Ils ont également souligné que l’intermédiaire d’information légalement n’accède pas au contenu de la facture pendant que les factures sont générées et échangées au format XML et signées avec le certificat d’application de l’intermédiaire d’information. De plus, ajoutent-ils, le système est continuellement amélioré conformément aux exigences de sécurité croissantes, et un niveau de protection supplémentaire est déjà fourni aux utilisateurs aujourd’hui grâce à l’authentification à deux facteurs (2FA).

Concernant certaines mesures de mise à niveau de sécurité futures, ils ont déclaré qu’ils surveillent continuellement les normes réglementaires et de sécurité pour garantir le plus haut niveau de protection du système et réduire le potentiel d’abus. Néanmoins, Sveračun a plusieurs milliers d’utilisateurs, y compris des systèmes petits, moyens et grands qui échangent des milliers de factures chaque mois via la plateforme.

Facteurs numériques

C’est précisément pourquoi, disent-ils, le système est architectoniquement et techniquement préparé à traiter plusieurs dizaines de millions de factures par an.

– La scalabilité est intégrée dans la structure même de la plateforme, permettant une expansion rapide de la capacité en fonction de la demande croissante et des exigences légales – déclarent-ils de PostLink.

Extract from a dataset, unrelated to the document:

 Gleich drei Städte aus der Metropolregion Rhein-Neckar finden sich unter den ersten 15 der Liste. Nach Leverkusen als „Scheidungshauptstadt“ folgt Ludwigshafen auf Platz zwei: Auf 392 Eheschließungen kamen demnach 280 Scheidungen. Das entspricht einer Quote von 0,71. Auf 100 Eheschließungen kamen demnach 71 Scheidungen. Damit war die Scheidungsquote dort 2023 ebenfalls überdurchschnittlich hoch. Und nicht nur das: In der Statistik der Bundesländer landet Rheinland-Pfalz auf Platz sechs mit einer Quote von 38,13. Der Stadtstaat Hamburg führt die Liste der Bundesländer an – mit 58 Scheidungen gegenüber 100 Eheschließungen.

Ils notent également que leur communication avec les utilisateurs est quotidienne et très axée sur l’éducation, car comprendre les nouveaux processus fiscaux est la clé d’une transition réussie vers la fiscalisation 2.0. L’équipe a visité plus de 20 villes à travers des ateliers où ils ont expliqué tous les éléments du système aux utilisateurs et résolu des incertitudes, tout en développant simultanément des guides, des leçons vidéo et des matériaux pratiques disponibles à tout moment via l’Académie Sveračun. À cette fin, ils ont également formé une équipe de support client de 20 experts dédiée à fournir aux utilisateurs une assistance rapide et fiable à toutes les étapes de l’utilisation du système.

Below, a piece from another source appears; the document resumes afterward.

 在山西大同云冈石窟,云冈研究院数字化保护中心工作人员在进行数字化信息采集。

En tant qu’intermédiaire d’information, Hrvatska pošta voit son rôle comme un ‘facteur’ numérique, un transmetteur de factures entre l’expéditeur et le destinataire, sans aperçu de leur contenu ou de leur relation mutuelle. Par conséquent, la responsabilité des factures suspectes, comme il nous semble, ne leur incombe pas.

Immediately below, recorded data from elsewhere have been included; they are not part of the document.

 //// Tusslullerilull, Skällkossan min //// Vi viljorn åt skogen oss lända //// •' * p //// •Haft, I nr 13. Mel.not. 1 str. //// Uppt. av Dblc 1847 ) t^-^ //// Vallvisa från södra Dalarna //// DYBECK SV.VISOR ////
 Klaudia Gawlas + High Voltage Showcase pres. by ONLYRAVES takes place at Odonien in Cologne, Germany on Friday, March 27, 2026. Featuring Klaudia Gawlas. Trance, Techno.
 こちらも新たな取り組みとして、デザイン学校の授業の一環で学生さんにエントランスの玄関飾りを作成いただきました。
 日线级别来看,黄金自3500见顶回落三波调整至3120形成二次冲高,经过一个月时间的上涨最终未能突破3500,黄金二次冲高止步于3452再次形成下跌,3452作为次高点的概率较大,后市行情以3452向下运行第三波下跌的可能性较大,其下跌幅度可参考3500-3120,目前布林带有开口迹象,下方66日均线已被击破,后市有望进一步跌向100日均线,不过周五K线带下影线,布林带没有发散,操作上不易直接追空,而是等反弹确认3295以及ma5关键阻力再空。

Enfin, rappelons que Rakar, dans son article, entre autres, a averti que les factures contiennent des données sensibles aux affaires et que la compromission de l’intermédiaire d’information pourrait permettre un aperçu des flux commerciaux ou même des manipulations potentielles, comme le changement de l’IBAN. Il a souligné que les réglementations existantes pour les intermédiaires n’incluent pas de normes de sécurité obligatoires et que, selon lui, c’est un défaut systémique grave dans la conception du régime de fiscalisation à venir. Il a rappelé que lors de l’eConsultation sur la fiscalisation, il avait proposé l’introduction de conditions de sécurité technique minimales, notamment dans le contexte des obligations découlant de la directive NIS2, mais que ces commentaires avaient été rejetés.